Problem details –
Write the records out exactly, so that no picture remains in the copy.

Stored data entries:
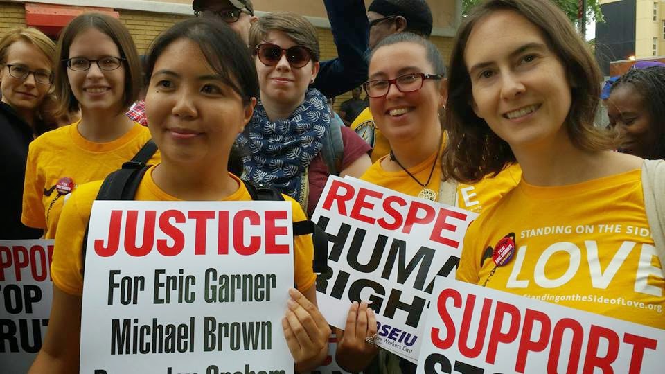 Kelly was interviewed on camera about why a white person would march for black lives. In part she said that, as a school social worker, these are her children who are being stopped-and-frisked, profiled and harmed. She acquitted herself with exceeding grace, and made the cut for the evening news.
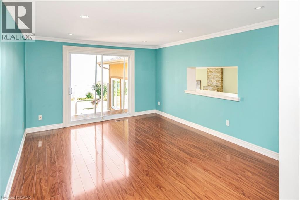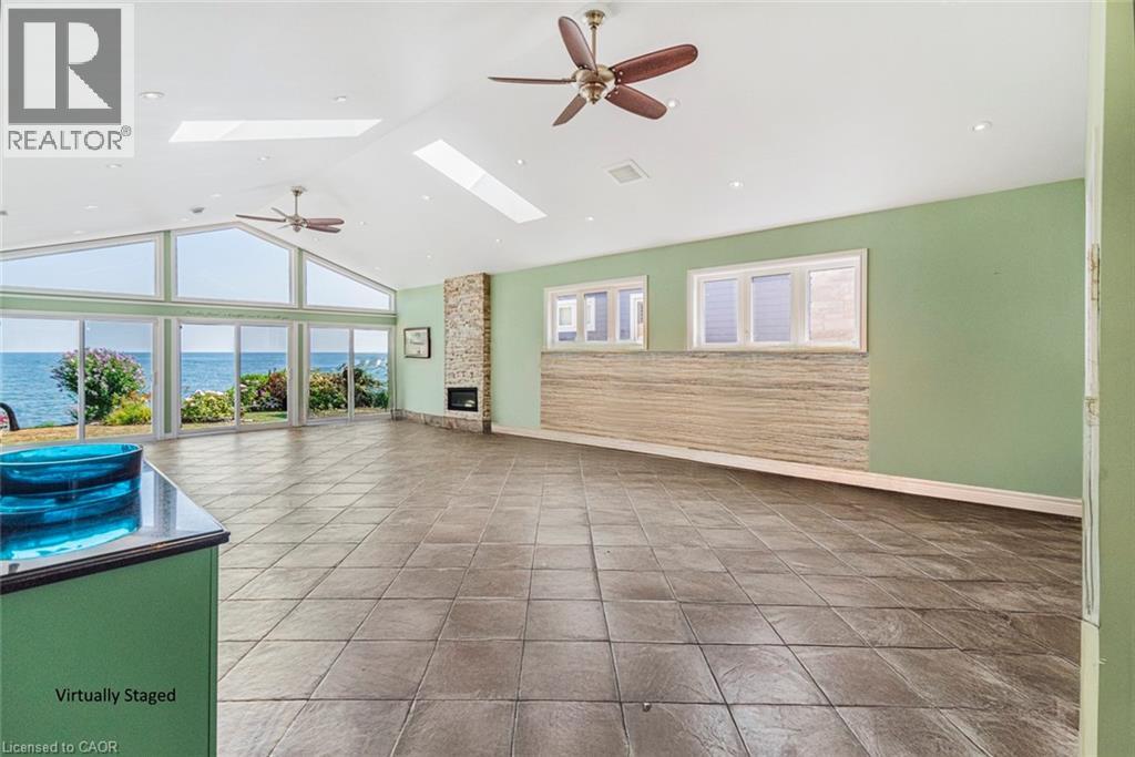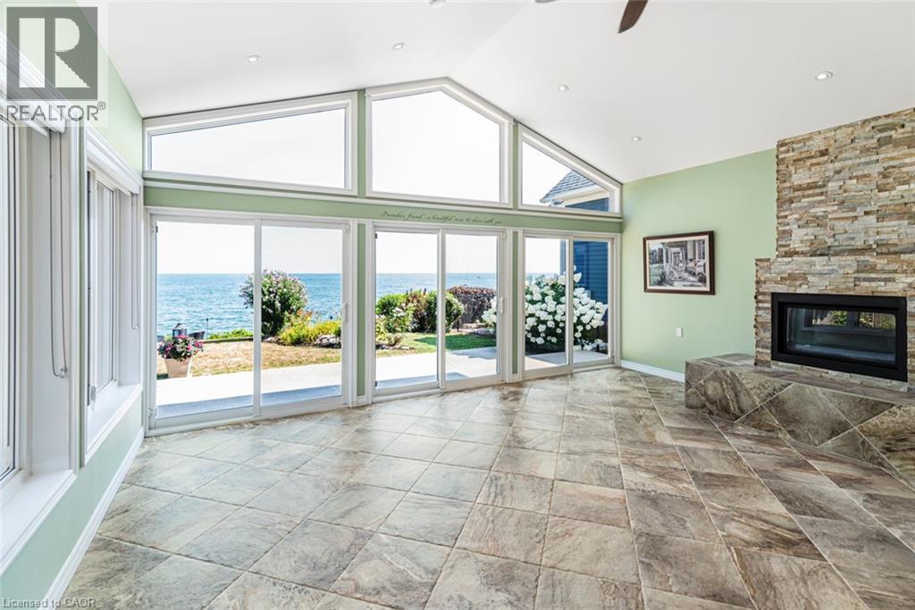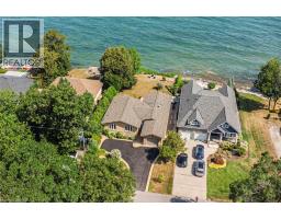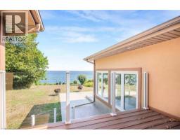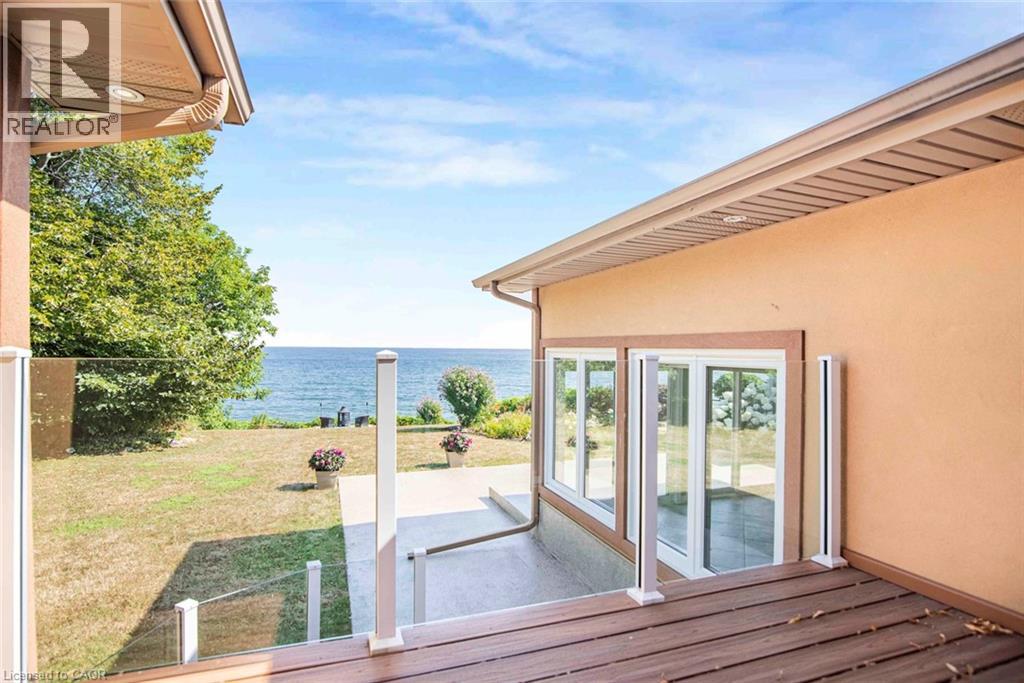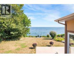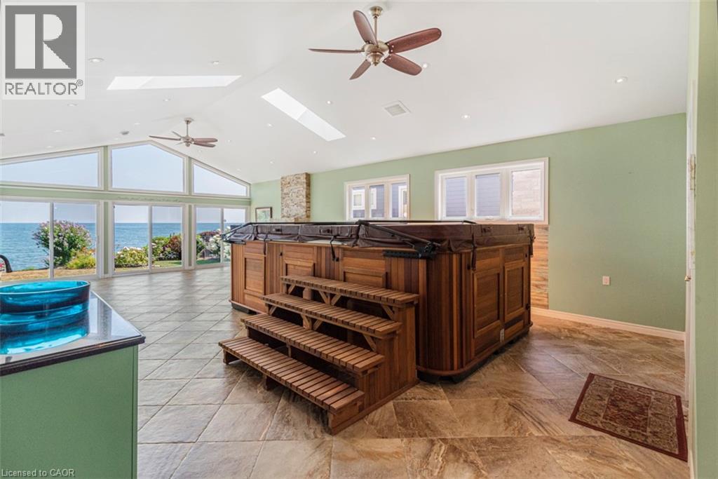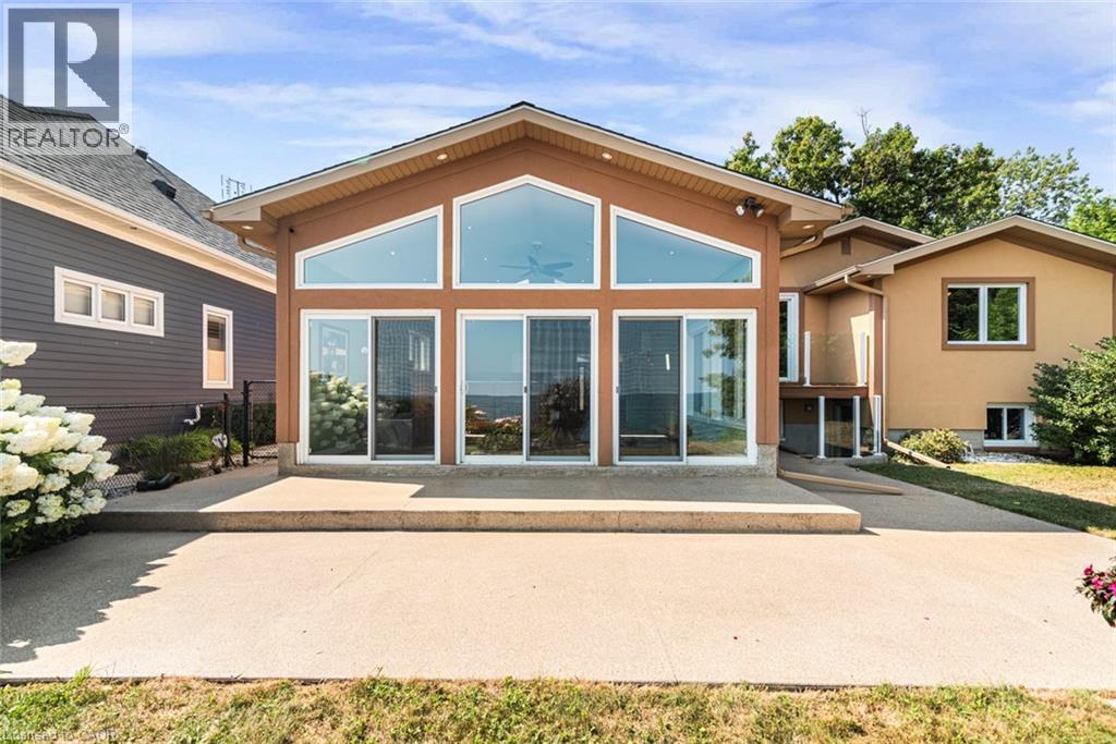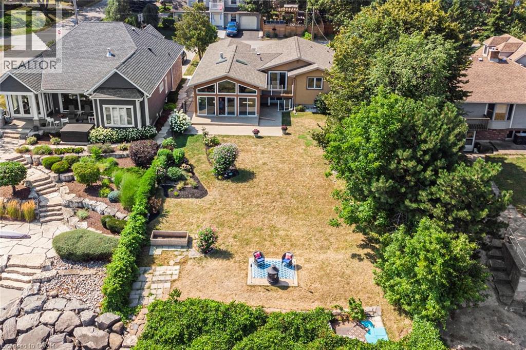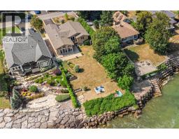 Welcome to 38 Lakeside Drive, Grimsby – a raised ranch-style home backing directly onto Lake Ontario. A 2013 addition created a spacious main-floor family room and an oversized single garage. The family room features floor-to-ceiling windows with lake views, a cathedral ceiling with 2 skylights and ceiling fans, a gas fireplace, wet bar, tile floors, and a built-in 14-foot, climate-controlled Arctic swim spa for year-round use. Sliding doors open to a Flex Stone patio (2022) and the deep backyard. The upper level has 2 bedrooms, a 4-piece bathroom with heated floors, linen closet, jetted tub, and a granite counter. The living room has crown moulding, pot lights, and sliding doors to a balcony with composite decking and glass railings overlooking the backyard and lake. The updated eat-in kitchen includes cherrywood cabinets, granite counters, breakfast bar, double sink, south-facing windows, pot lights, pull-out pantry, dining area with display cabinets, and upgraded stainless steel appliances including a gas range with double ovens, built-in microwave, and dishwasher. The lower level, also renovated in 2013, includes 2 additional bedrooms, a 4-piece bathroom with heated floors and linen closet, a rec room, and a large laundry/utility/storage room with cabinetry, shelving, and a second fridge. One bedroom has a walk-up to the backyard. Additional features include: 200 Amp hydro, central vacuum, irrigation system by Water World, Eufy wireless security system with 3 cameras, pot lighting at the front and rear with rear motion detector, leaf guards, oversized garage with inside entry, extra storage, automatic garage door opener with 2 remotes, and two storage sheds. A 10' x 10' sitting area with firepit overlooks the lake, and with Lake Ontario riparian rights, there is potential to add a deck or dock for more direct water access. Peace and privacy, yet close to shopping, parks, schools, and easy highway access. Swim spa can be removed by sellers if preferred. (id:46441)
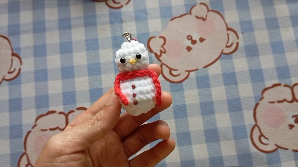 - Attach a key ring/loop through the top of the snowman’s head.
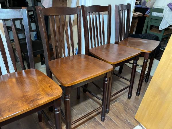 Classy looking set of 4 taller chairs ideal for a bistro table or as bar stools. Seat is 24” tall; back is 40” tall. In great shape. $160. In Picfair Village near Fairfax and Pico Streets, 90019. Can deliver nearby for extra fee and with your help. Contact outdoorslew at gee male or call 310-seven seven zero-7962.
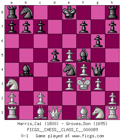 Last move : 0-1 2008 August 10 4:59:36 [Event "FICGS__CHESS__CLASS_C__000089"] [Site "FICGS"] [Date "2008.08.07"] [Round "1"] [White "Harris,Cal"] [Black "Groves,Don"] [Result "0-1"] [WhiteElo "1800"] [BlackElo "1695"] 1.d4 Nf6 2.f4 g6 3.e3 d5 4.b4 Bf5 5.Na3 e5 6.dxe5 Bxb4+ 7.Kf2 Ne4+ 8.Kf3 Qh4 9.g3 Qg4+ 0-1 Canard Opening Player Black won this chess game. Follow this game move after move (download)Fischer Chess play was always razor-sharp, rational and brilliant. One of the best ever. (Dave Regis) In der Schule lernt man nichts. Es ist nur Zeitverschwendung. (Robert James Fischer) Combinaciones deslumbrantes son para la mayoría, mover madera es para los pocos. (Georg Kieninger) L'attaque fait le spectacle, la défense gagne les matchs. (Dicton footballistique) History is a gallery of pictures in which there are few originals and many copies. (Alexis de Tocqueville)

Result of the task –
 Kelly was interviewed on camera about why a white person would march for black lives. In part she said that, as a school social worker, these are her children who are being stopped-and-frisked, profiled and harmed. She acquitted herself with exceeding grace, and made the cut for the evening news.
 Welcome to 38 Lakeside Drive, Grimsby – a raised ranch-style home backing directly onto Lake Ontario. A 2013 addition created a spacious main-floor family room and an oversized single garage. The family room features floor-to-ceiling windows with lake views, a cathedral ceiling with 2 skylights and ceiling fans, a gas fireplace, wet bar, tile floors, and a built-in 14-foot, climate-controlled Arctic swim spa for year-round use. Sliding doors open to a Flex Stone patio (2022) and the deep backyard. The upper level has 2 bedrooms, a 4-piece bathroom with heated floors, linen closet, jetted tub, and a granite counter. The living room has crown moulding, pot lights, and sliding doors to a balcony with composite decking and glass railings overlooking the backyard and lake. The updated eat-in kitchen includes cherrywood cabinets, granite counters, breakfast bar, double sink, south-facing windows, pot lights, pull-out pantry, dining area with display cabinets, and upgraded stainless steel appliances including a gas range with double ovens, built-in microwave, and dishwasher. The lower level, also renovated in 2013, includes 2 additional bedrooms, a 4-piece bathroom with heated floors and linen closet, a rec room, and a large laundry/utility/storage room with cabinetry, shelving, and a second fridge. One bedroom has a walk-up to the backyard. Additional features include: 200 Amp hydro, central vacuum, irrigation system by Water World, Eufy wireless security system with 3 cameras, pot lighting at the front and rear with rear motion detector, leaf guards, oversized garage with inside entry, extra storage, automatic garage door opener with 2 remotes, and two storage sheds. A 10' x 10' sitting area with firepit overlooks the lake, and with Lake Ontario riparian rights, there is potential to add a deck or dock for more direct water access. Peace and privacy, yet close to shopping, parks, schools, and easy highway access. Swim spa can be removed by sellers if preferred. (id:46441)
 - Attach a key ring/loop through the top of the snowman’s head.
 Classy looking set of 4 taller chairs ideal for a bistro table or as bar stools. Seat is 24” tall; back is 40” tall. In great shape. $160. In Picfair Village near Fairfax and Pico Streets, 90019. Can deliver nearby for extra fee and with your help. Contact outdoorslew at gee male or call 310-seven seven zero-7962.
 Last move : 0-1 2008 August 10 4:59:36 [Event "FICGS__CHESS__CLASS_C__000089"] [Site "FICGS"] [Date "2008.08.07"] [Round "1"] [White "Harris,Cal"] [Black "Groves,Don"] [Result "0-1"] [WhiteElo "1800"] [BlackElo "1695"] 1.d4 Nf6 2.f4 g6 3.e3 d5 4.b4 Bf5 5.Na3 e5 6.dxe5 Bxb4+ 7.Kf2 Ne4+ 8.Kf3 Qh4 9.g3 Qg4+ 0-1 Canard Opening Player Black won this chess game. Follow this game move after move (download)Fischer Chess play was always razor-sharp, rational and brilliant. One of the best ever. (Dave Regis) In der Schule lernt man nichts. Es ist nur Zeitverschwendung. (Robert James Fischer) Combinaciones deslumbrantes son para la mayoría, mover madera es para los pocos. (Georg Kieninger) L'attaque fait le spectacle, la défense gagne les matchs. (Dicton footballistique) History is a gallery of pictures in which there are few originals and many copies. (Alexis de Tocqueville)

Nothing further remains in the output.